I'm a freak - there is no denying it.

Tuesday, December 16, 2008

Sadness

Today is a sad day. Been driving me nuts all day. I can't figure out why. I know in my mind that this is the SAD, but my over-analytical side can't accept that I just AM sad. So I keep searching (to no avail) for a reason, some underlying cause. Alas, there is none. I am just sad.

Saturday, December 13, 2008

Holidaze, Part 2

So, my baking party was a flop. It snowed, so no one except Jo came. Figures - no snow all year then it has to dump today. Now I have a TON of baking supplies, and not enough time or hands to bake it all! It was nice though, - Tim and Julian decorated a gingerbread house and everyone took turns pressing the Christmas trees and decorating them. I think that is all I will get baked today - kind of lost the enthusiasm after getting everything ready this morning and then having it flop. Darn weather! I need to get out of this stupid state. Had a lot of fun with Jo - I am very thankful to her this week for she has been attuned to my doldrums and has helped me feel a LOT better this week. We had some laughs (and drinks!) for a few hours, and I feel happy now. I think I can deal with Dayn's family stuff the rest of this weekend now.

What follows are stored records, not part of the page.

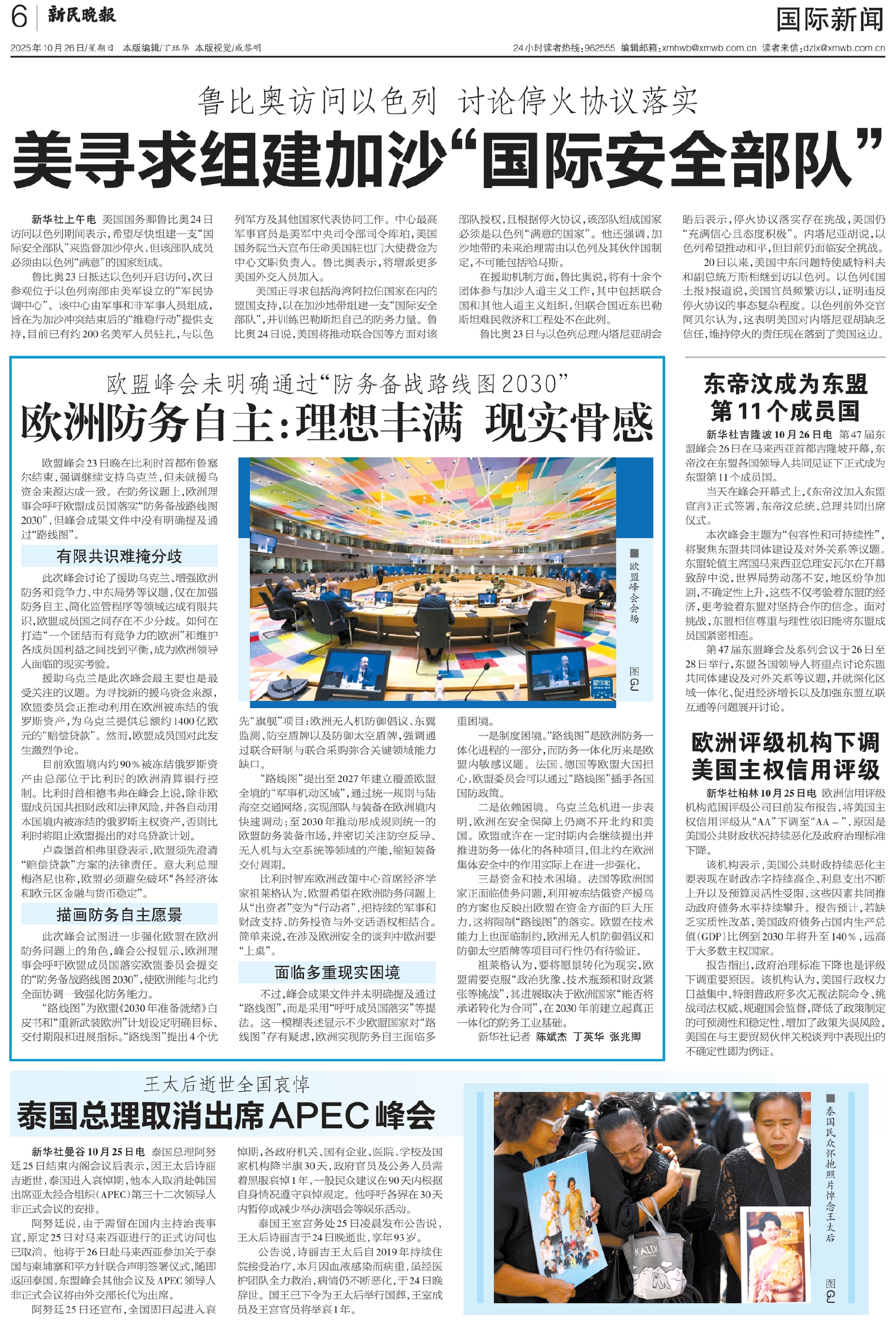 美国正寻求包括海湾阿拉伯国家在内的盟国支持,以在加沙地带组建一支“国际安全部队”,并训练巴勒斯坦自己的防务力量。鲁比奥24日说,美国将推动联合国等方面对该部队授权,且根据停火协议,该部队组成国家必须是以色列“满意的国家”。他还强调,加沙地带的未来治理需由以色列及其伙伴国制定,不可能包括哈马斯。
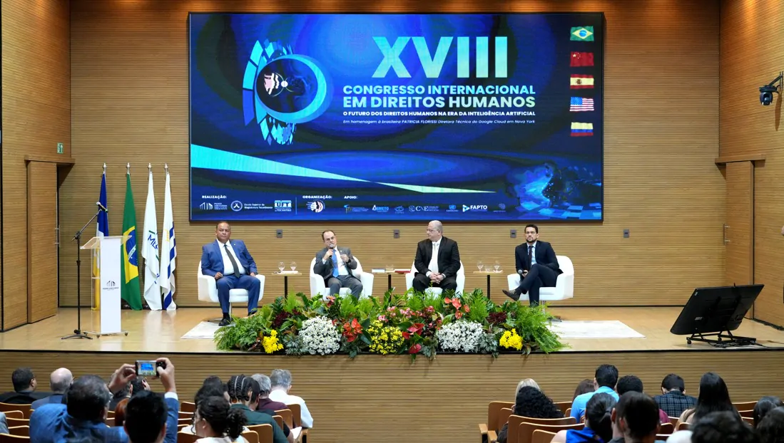 A programação do segundo dia do XVIII Congresso Internacional em Direitos Humanos teve no painel “Uso da IA nas Tomadas de Decisões”, as presenças do diretor geral da Esmat e presidente do Copedem, desembargador e professor doutor Marco Villas Boas; do senador da República pelo Tocantins Eduardo Gomes; do juiz federal Rafael Leite Paulo (TRF); e do professor doutor Tarsis Barreto como mediador. Nas discussões, a implementação de recursos de Inteligência Artificial Generativa (IAGen) como auxiliar na atuação Judicial.
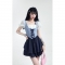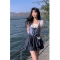 芭比姨 蛋糕连衣裙女夏季新款拼接小香风方领泡泡袖纯欲辣妹短裙
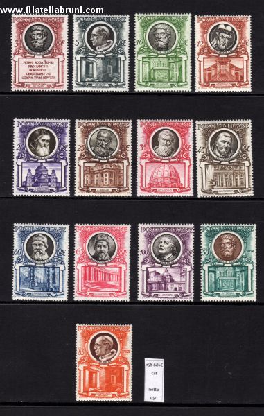 1953 Vaticano Vatikanstaat Papi e Pontifici nuovo gomma integra mnh catalogo Sassone nr 158 168 + e 13 e 14 S.38 catalogo Michel nr 192 204
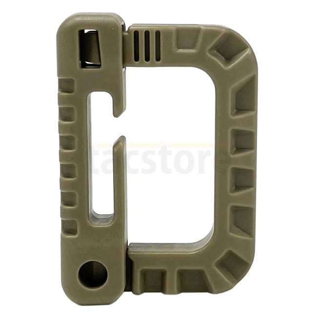 Fixez en toute sécurité l'équipement avec le carabiner en plastique Woojin en Tan. Idéal pour attacher du matériel sur le système MOLLE. Dimensions : 50 x 38 x 12 mm. Largeur de sangle maximum : 25 mm. Avertissement : Ne convient pas pour l'escalade ou le
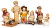 Christmas Ornament (6); Figures, Spun Cotton, Bisque Head, Various Characters.
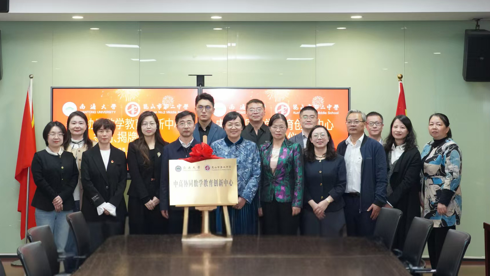 在昆山市第二中学,仲跻宏对我校到访表示欢迎,介绍了昆山教育的总体情况和昆山二中“轻负高效、教体融合”的办学特色,期待通过与我校合作共建,进一步提升教师专业能力发展与教学创新。陈玉娟介绍了我校在数学教育领域的学科优势与人才优势。她指出,未来两校将围绕“双师同行”“数学文化共建”“同辈成长计划”三大品牌开展深度合作,共同打造数学教育创新高地,实现“中高协同、共育英才”的目标。期间,仲跻宏与陈玉娟共同为两校共建的“中高协同数学教育创新中心”揭牌,昆山二中校长徐欣与我校数学与统计学院院长王林峰代表双方签署《南通大学教学实践基地共建协议书》。
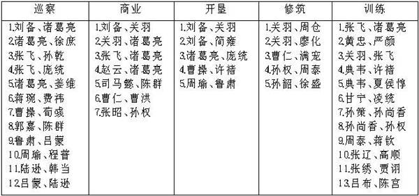 注:如有几个组合欲做同一种工作,号码靠前的优先。例:刘备、诸葛亮、徐庶三人同时去做“巡察”,刘备、诸葛亮的组合优先。
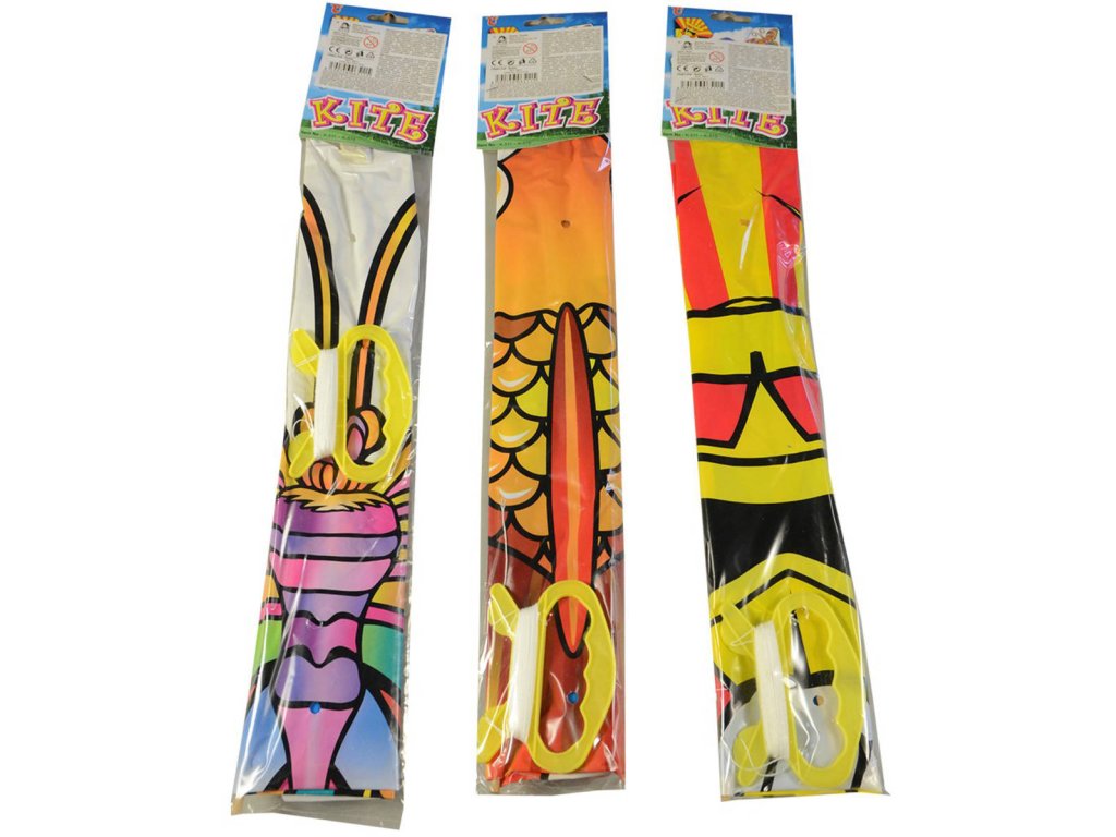 Lehký plastový drak v pěti pestrobarevných motivech.
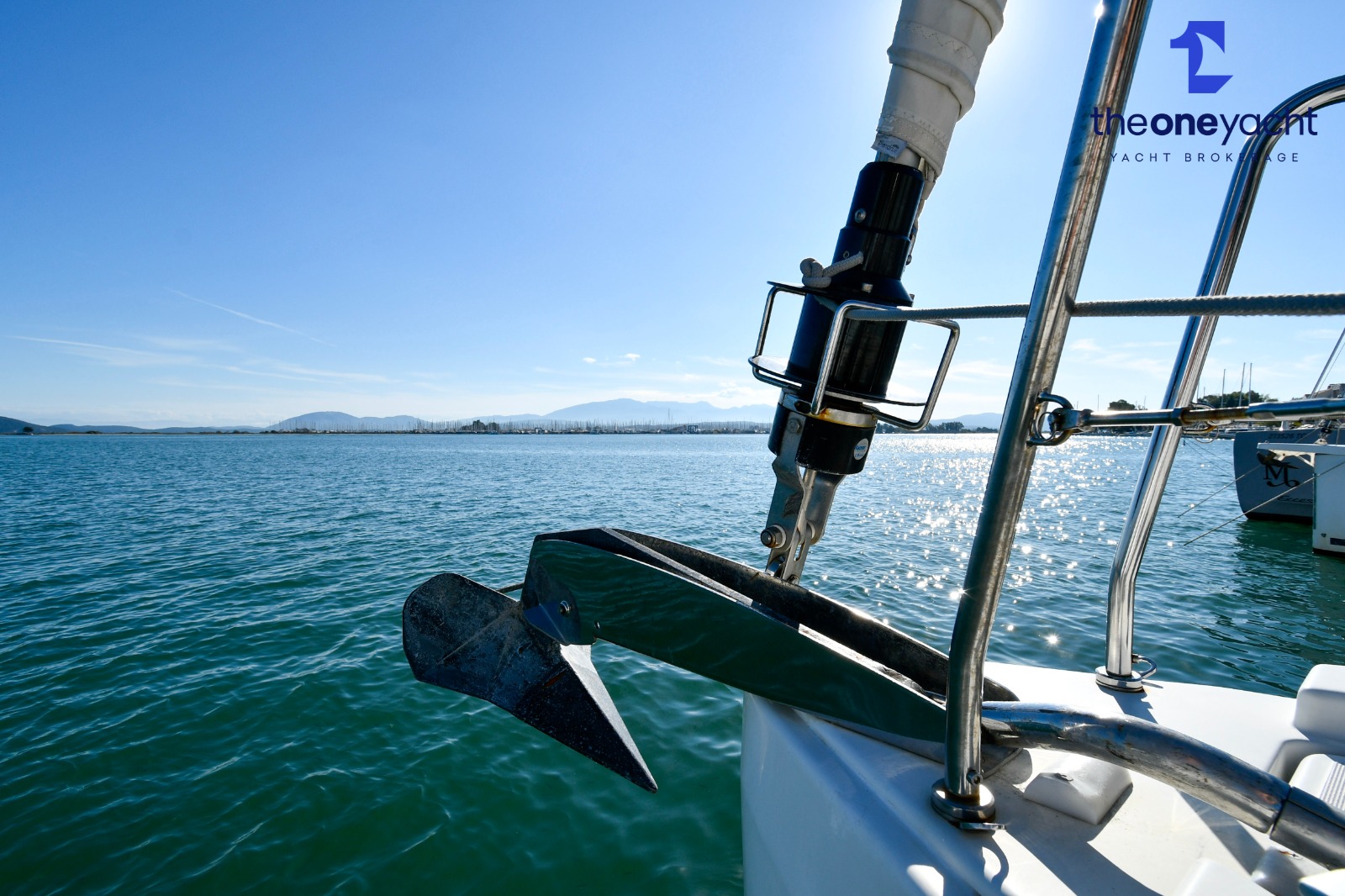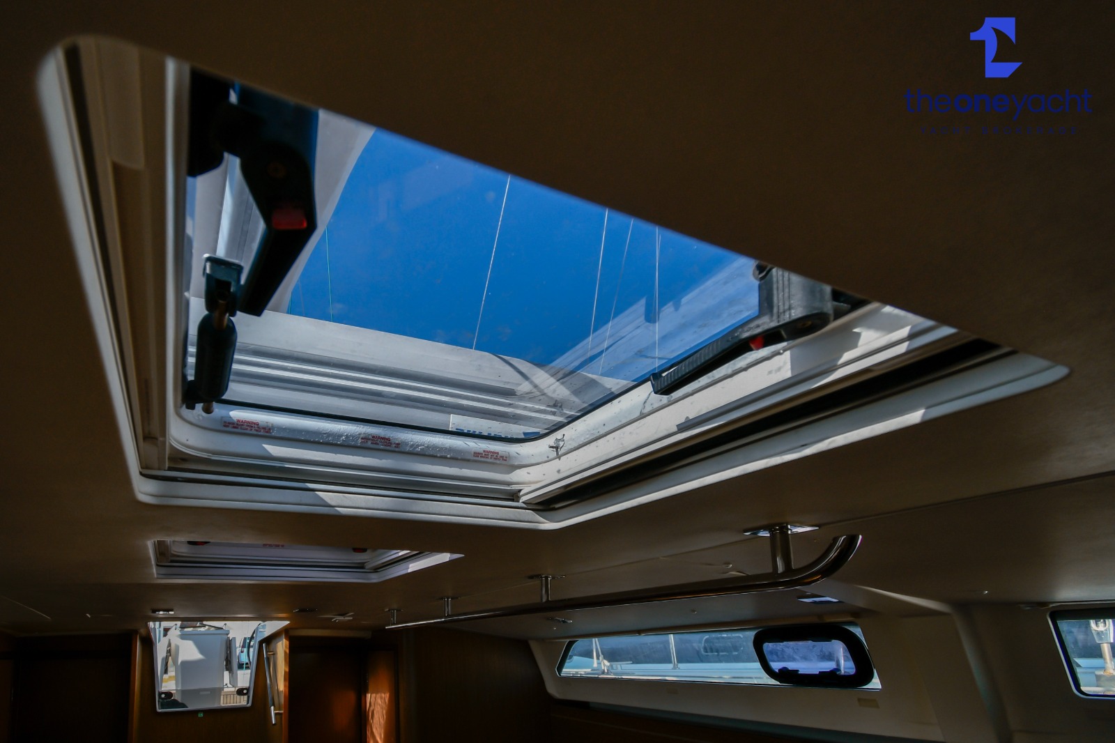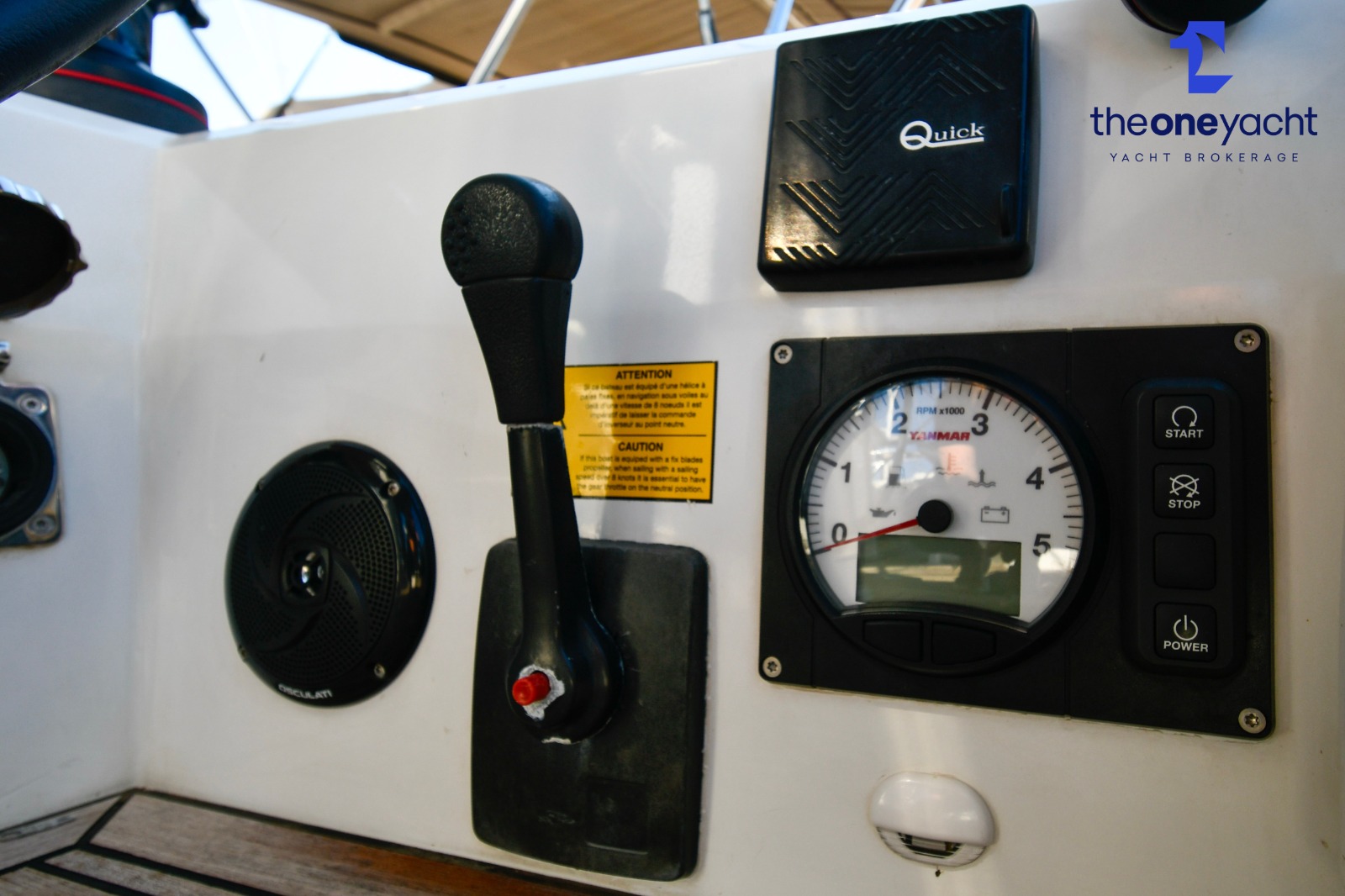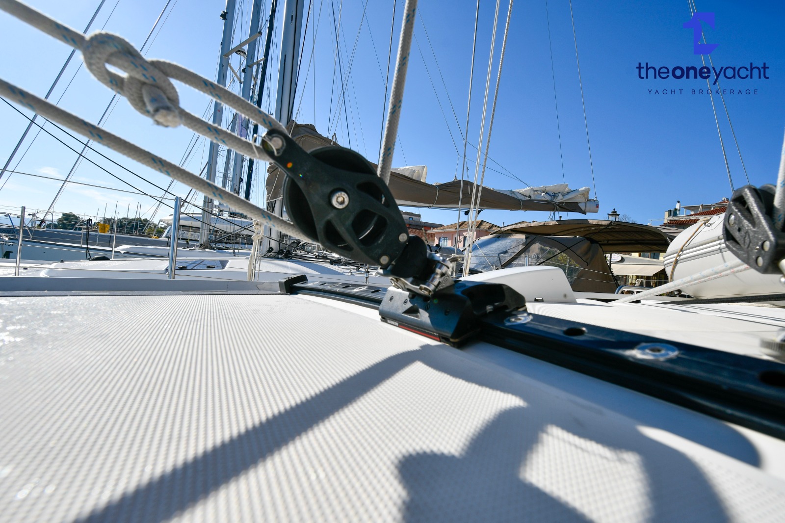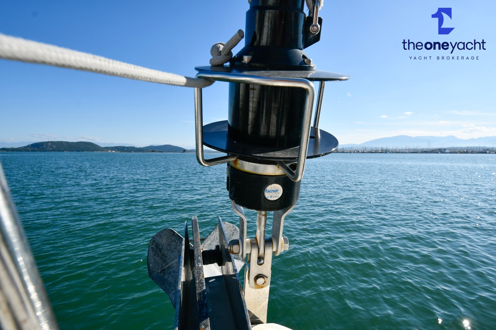 Notable onboard equipment and features include Dacron full-battened mainsail & roller-furling genoa self tacking, Cockpit-adjustable genoa traveler, clutches, and backstay, 80HP Yanmar engine – powerful and efficient, Bow thruster (Side Power) for easy docking and tight maneuvering, Fixed boomvang for precise sail control.
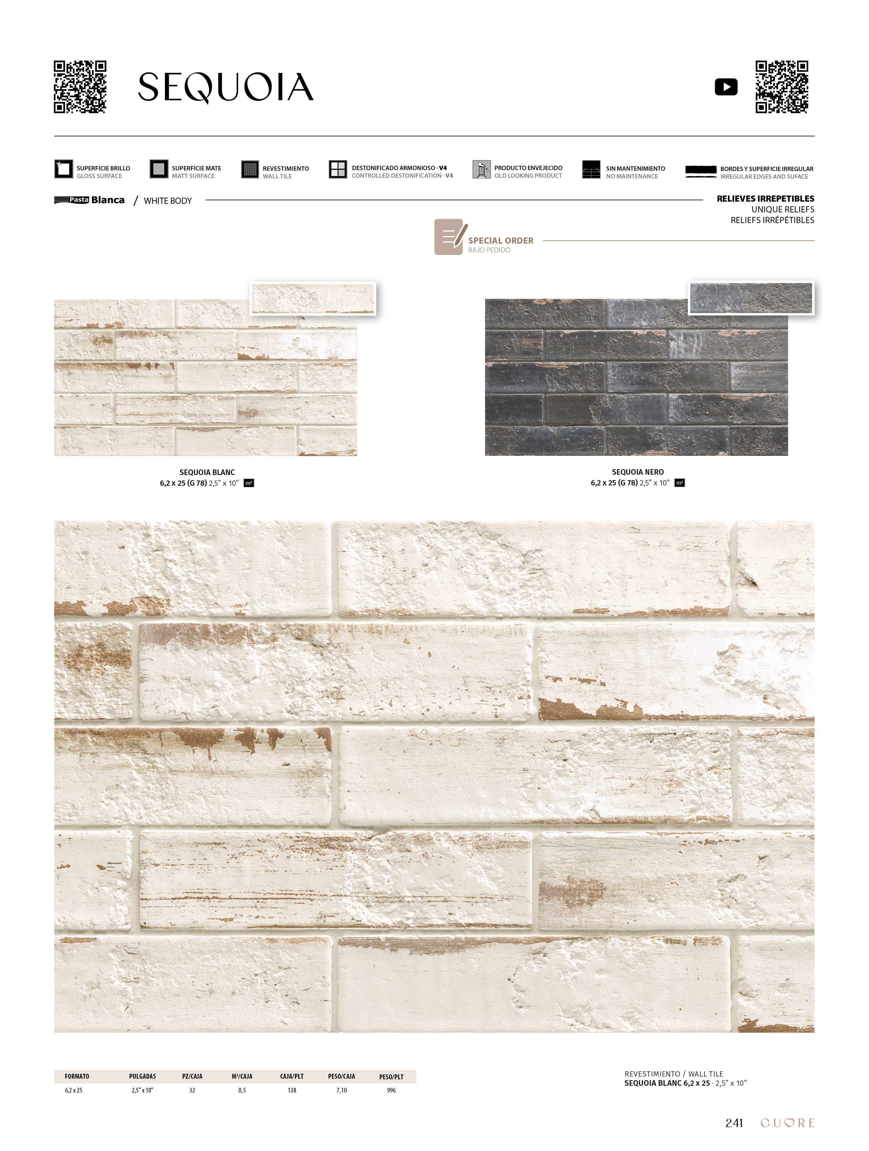 The new collection of Cuore by Natucer Sequoia, is a series with a worn appearance and prominent reliefs unrepeatable in each of its pieces, manages to convey the properties of warmth, comfort and elegance of natural wood. A brick format in gloss and matte in which each of its pieces is completely unique.

Thursday, December 11, 2008

Holidaze

First, a rant:
So, in my family we draw names to decide for whom we each are to buy a Christmas gift.
I got my brother, difficult. So I'm looking at sports paraphernalia for the Chicago Bears, his favorite football team, and come across an autographed football. The football, plain. The signature, Mike Ditka. I place the first and only bet in the auction with less than 15 minutes to close. I bid much higher than our dollar limit, but it seemed reasonable. I am watching the auction carefully and with one minute and twenty three seconds until it ends, I am outbid. I totally lost in and panicked. What would I get him if not this? I was already above the limit, so why shouldn't I bid higher? This is dumb, don't do it. But, the competitor in me won and I kept bidding and bidding until I won - at $23.00 higher than my original bid.
What a dumb ass! I mean, I love my brother, but he is spoiled enough. And he hurt my feelings recently. And what a dumb ass I am! I hope he likes it, anyway.

Second:
I do not like winter, and surely anyone reading this knows that. I really do not like the cold, nor the smog and dirty haze enveloping the city. I hate how everything looks lifeless and dead. It brings me down. I am trying really hard right now to stay above the pull, but it's not fun. I need to find time to take care of myself, of those things that no one else can really do except me, but I am overwhelmed by other demands on my time, and by the dang winter blues. I wish I could write about it, but alas, the writer's block seems neverending.